Motivation (in a nutshell):
- J2EE is widely used to
build enterprise applications that span multiple tiers, use different
types of components, integrate with other systems and run on several
machines. In short, many J2EE applications are large and complex.
- J2EE applications are
necessarily built from standardized components (e.g. EJBs, JSPs,
Servlets).
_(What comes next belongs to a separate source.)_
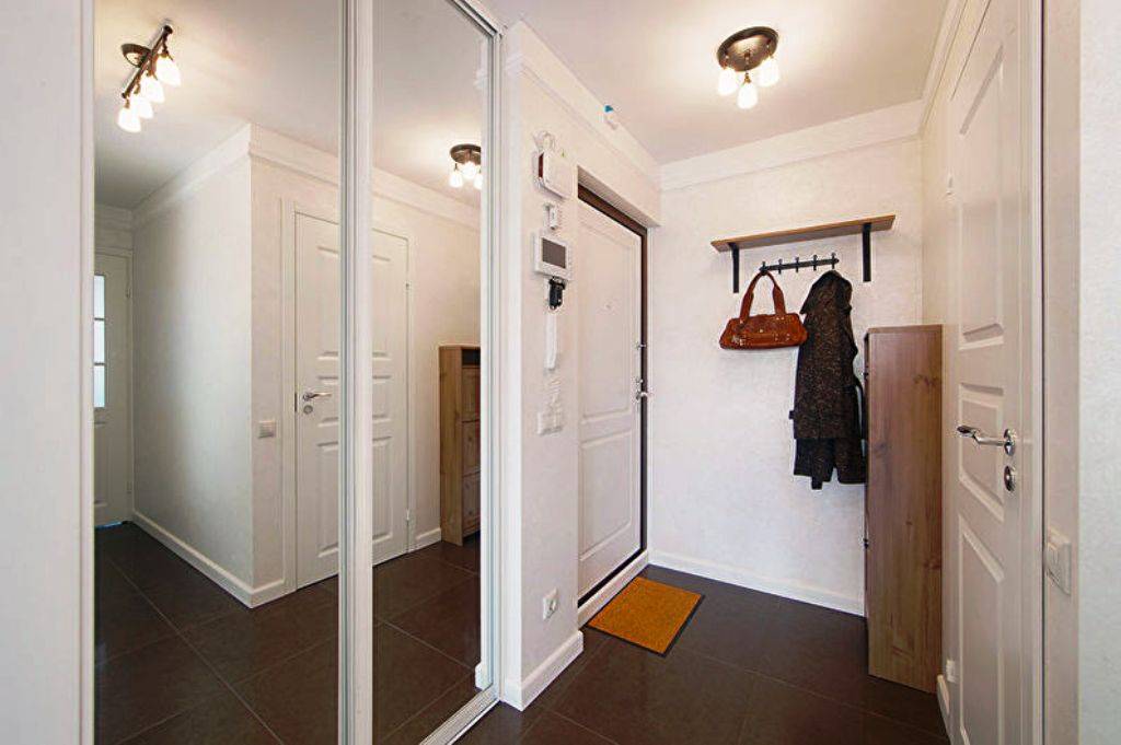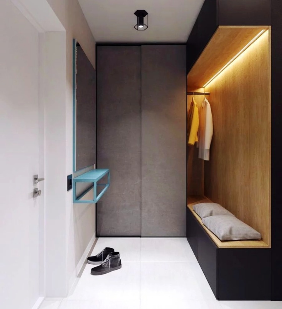 Лучшим выбором мебели для узкого пространства станет шкаф-купе, зеркало и тумбочка для обуви. Ну а пара дополнительных светильников на стенах визуально сделает прихожую шире.

As a platform that purports component-based software
development, J2EE is very suiltable for architecture
reconstruction, because the architecture can be represented depicting
the very components used as implementation/deploymisent units.
- In fact, J2EE literature
extensively uses architecture diagrams showing components that map
directly to deployed components (example).
That is to say that in J2EE the idea of a generic architecture
component (in the C&C view) is close to the idea of a component as
defined by Chessman & Daniels in "UML Components: A Simple Process
for Specifying Component-Based Software".
- Nonetheless, architecture
diagrams of J2EE applications found in the J2EE literature lack several
aspects of good architecture representation.
- Using deep knowledge of
the construct and deployment artifacts of a J2EE application, one can
define a process and create tools to extract the components that
comprise a J2EE application, along with the relationships among them.
The automatization of the process is higher than in most software
platforms, because of the high level specification of components in the
deployment artifacts.
- Using the best practics
for documenting sofware architectures, the reconstruction process can
produce quality diagrams and reports that will be very useful to
developers and maintainers of J2EE applications.